EXERCISE DESCRIPTION:
Nothing but the lines from the one with "FC Viitorul și" through the end of the listing should be reproduced, each exactly and with pictures omitted.
§ §
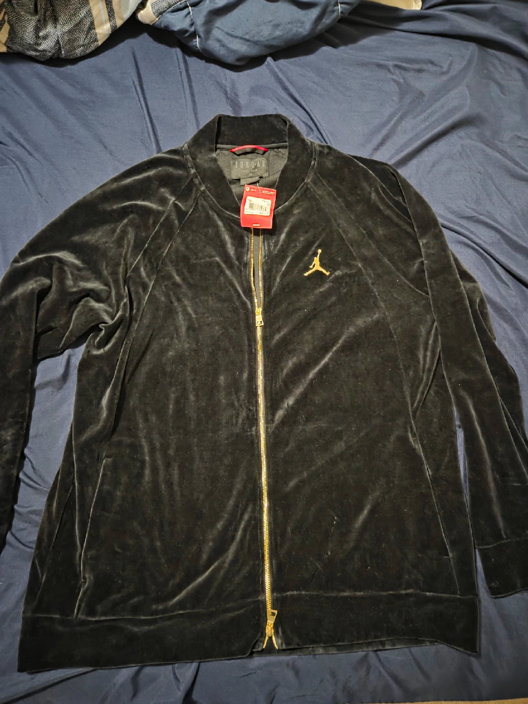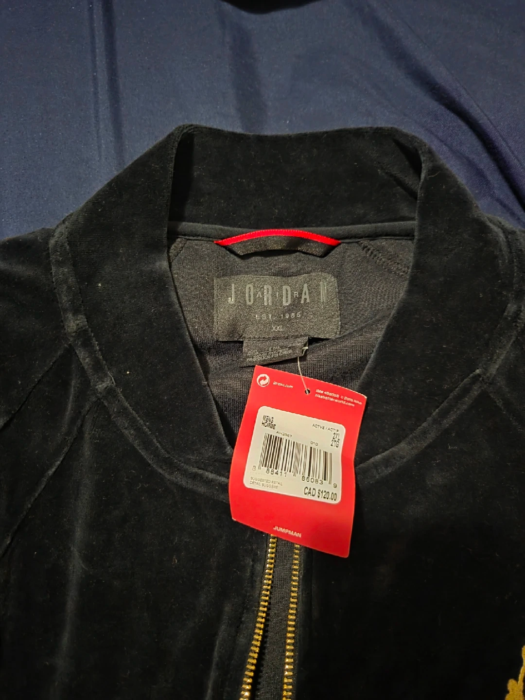 15Selling a brand new Jordan Est. 1985 black velour jacket in size XXL! It's a stylish and comfortable piece, perfect for adding a touch of luxury to your wardrobe. The tag shows it originally retailed for $120 CAD. Don't miss out!
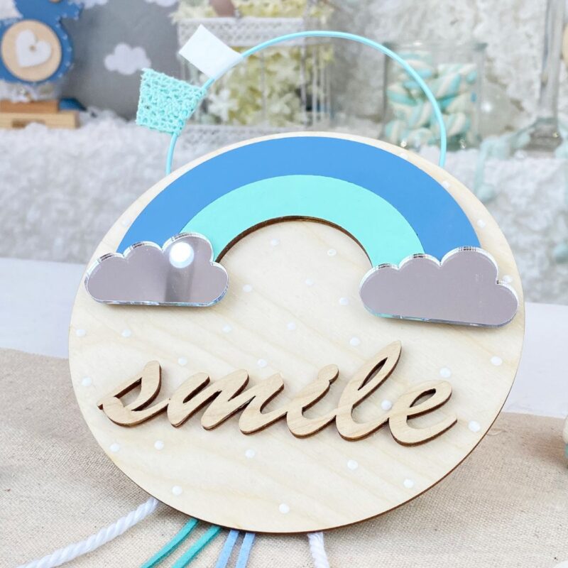 Ξύλινο διακοσμητικό γούρι, σε μπλε, ασημί αποχρώσεις, με θέμα ουράνιο τόξο.
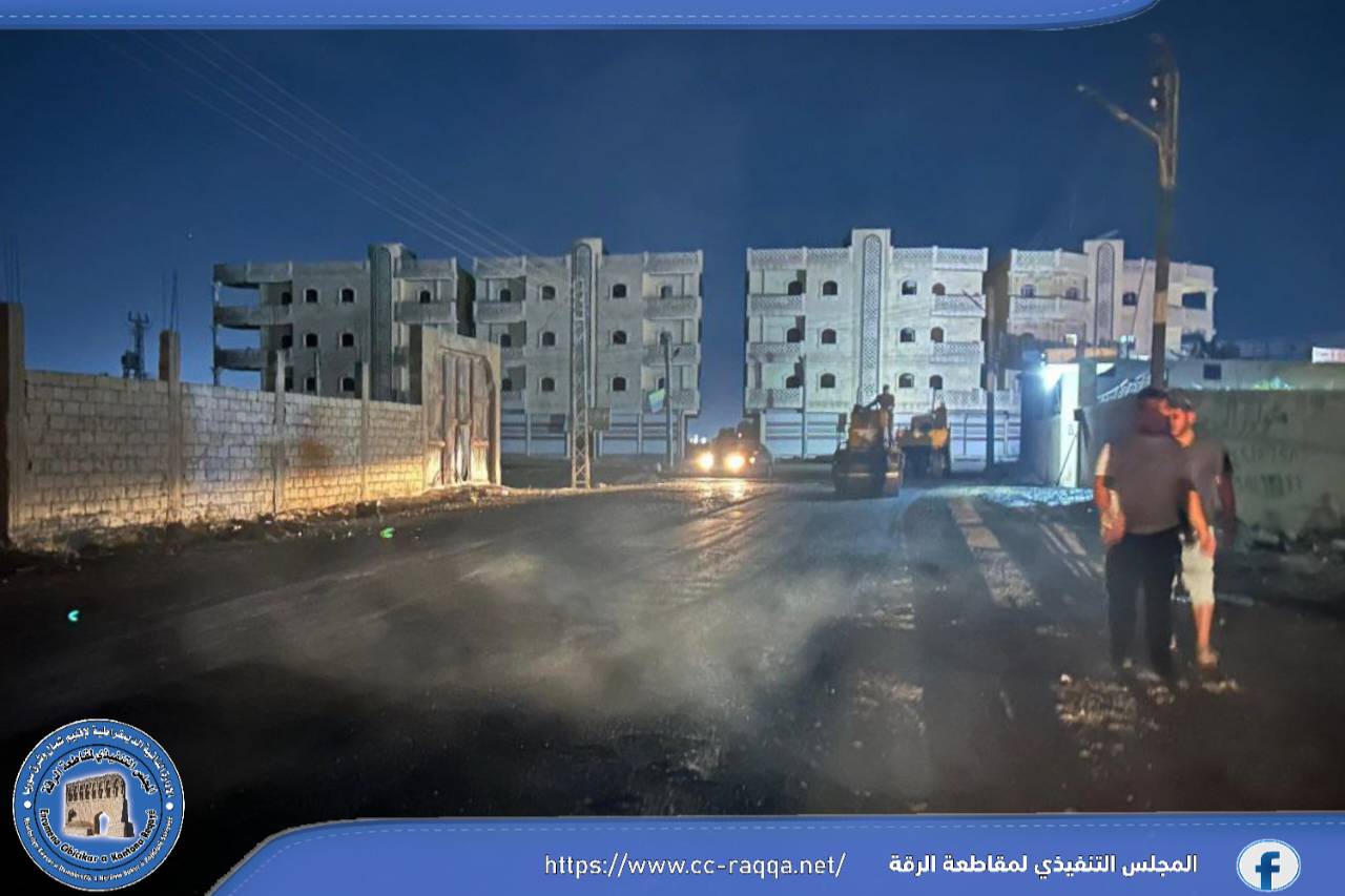 عملت ورشات بلدية الشعب في الرقة والتابعة لهيئة الإدارة المحلية والبلديات في مقاطعة الرقة صباح اليوم ٢٠ أيلول، على تعبيد شارع الشاليهات والممتد من الجسر القديم حتى طريق حويجة السوافي، بالإضافة للطريق الممتد من دوار الجسر إلى طريق كسرة عفنان بريف الرقة الجنوبي.
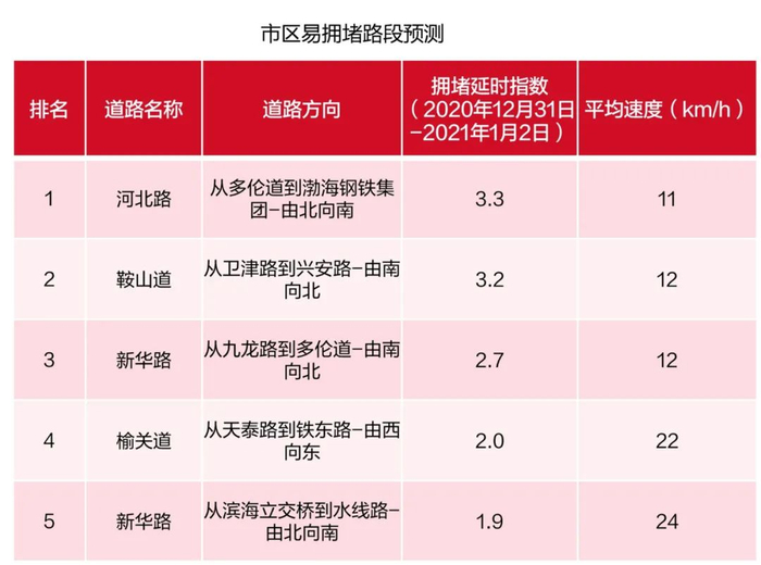 元旦期间城区易拥堵道路预测方面,预计节日期间市区部分路段易发生拥堵,其中包括河北路、鞍山道、新华路、榆关道等。
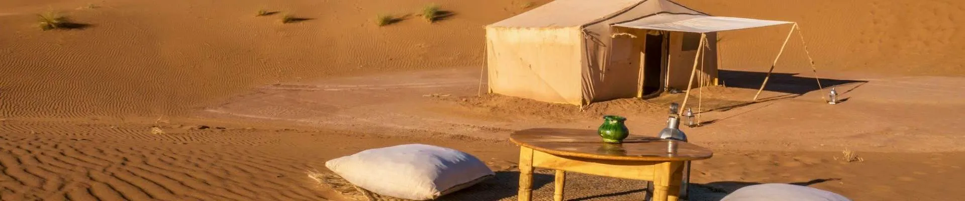 We will continue our camel trekking adventure until we reach a luxury camp. When you arrive, we will show you to your private tent, where you can relax and freshen up. As night falls, our camp staff will serve a delicious dinner featuring local cuisine. Gather around a cozy bonfire under the stars, where our camp staff will keep you entertained with lively drumming and enchanting Berber music. You will even be able to learn how to play the drums yourself, adding an extra layer of excitement to the evening’s festivities.
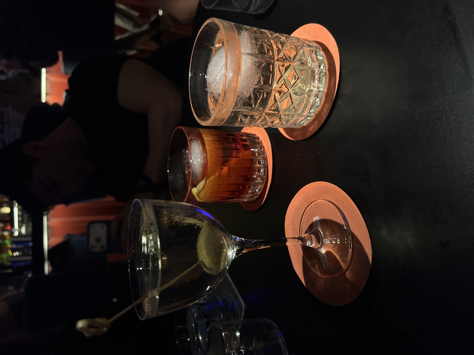 Three drinks rest on coasters atop a dark, reflective surface. The top drink is clear with a large ice ball in a textured glass. The middle drink is amber-colored with a lemon peel. The bottom drink is in a stemmed glass with an olive garnish. A bar-like setting is reflected in the surface, showing a person and interior details.
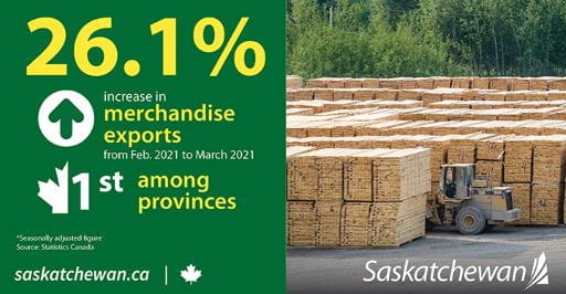 Merchandise export numbers released by Statistics Canada today ranks Saskatchewan first among the provinces for merchandise exports, with a 26.1 per cent increase (seasonally unadjusted) for March compared to February 2021.
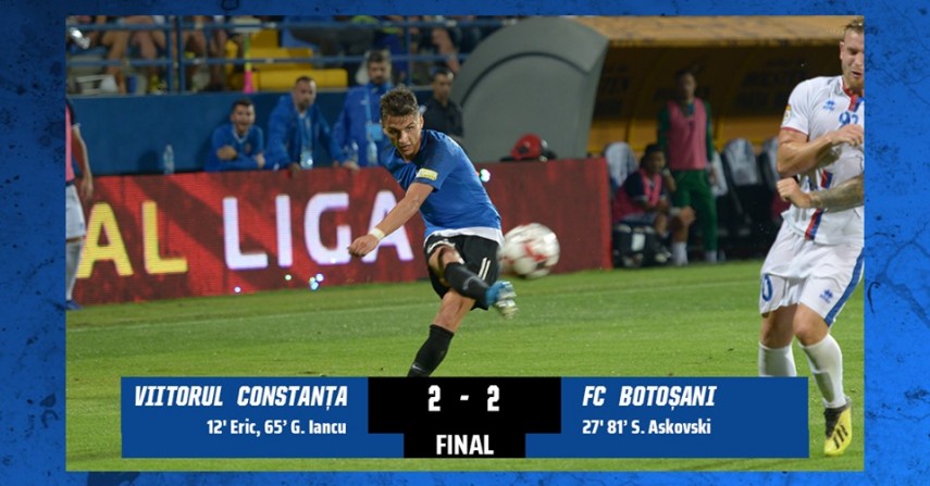 FC Viitorul și FC Botoșani au remizat, 2-2, în această seară, la Ovidiu, în etapa a cincea a Ligii 1, la capătul unui meci foarte frumos, în care ambele echipe puteau înscrie golul victoriei pe final, gazdele având și o bară.Au înscris Eric (12 - din penalty), Iancu (65), respectiv Ashkovski (27, 81).
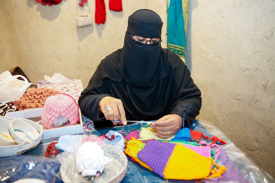 من جهتها، روت الحِرفية «سعاد الهاشم» قصة نجاح ومحبة لحرفتها، باستخدام «الخيط والإبرة» في صناعة «الطواقي» البيضاء والملونة، للصغار والكبار، موضحةً أنها بدأت تعلم الخياطة من الصف الخامس على يد معلمتها، باستخدام السنارة والخيوط، وحرصت على تطوير حرفتها من خلال الممارسة الطويلة، لأكثر من 25 سنة.
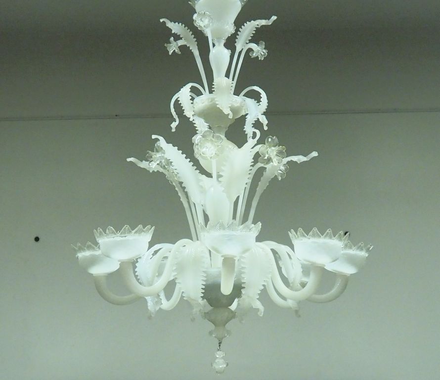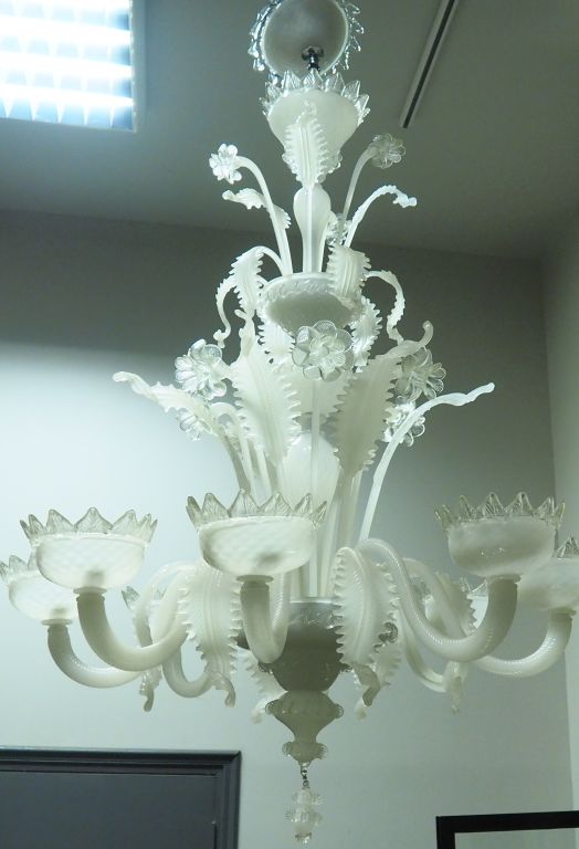 Paire de lustres en verre opalescent de Venise à décor de fleurs et de palmes. Eclairant à 8 lumières. Dim. 120 x 90 cm.
§ §
FINAL ANSWER:
 FC Viitorul și FC Botoșani au remizat, 2-2, în această seară, la Ovidiu, în etapa a cincea a Ligii 1, la capătul unui meci foarte frumos, în care ambele echipe puteau înscrie golul victoriei pe final, gazdele având și o bară.Au înscris Eric (12 - din penalty), Iancu (65), respectiv Ashkovski (27, 81).
 من جهتها، روت الحِرفية «سعاد الهاشم» قصة نجاح ومحبة لحرفتها، باستخدام «الخيط والإبرة» في صناعة «الطواقي» البيضاء والملونة، للصغار والكبار، موضحةً أنها بدأت تعلم الخياطة من الصف الخامس على يد معلمتها، باستخدام السنارة والخيوط، وحرصت على تطوير حرفتها من خلال الممارسة الطويلة، لأكثر من 25 سنة.
 Paire de lustres en verre opalescent de Venise à décor de fleurs et de palmes. Eclairant à 8 lumières. Dim. 120 x 90 cm.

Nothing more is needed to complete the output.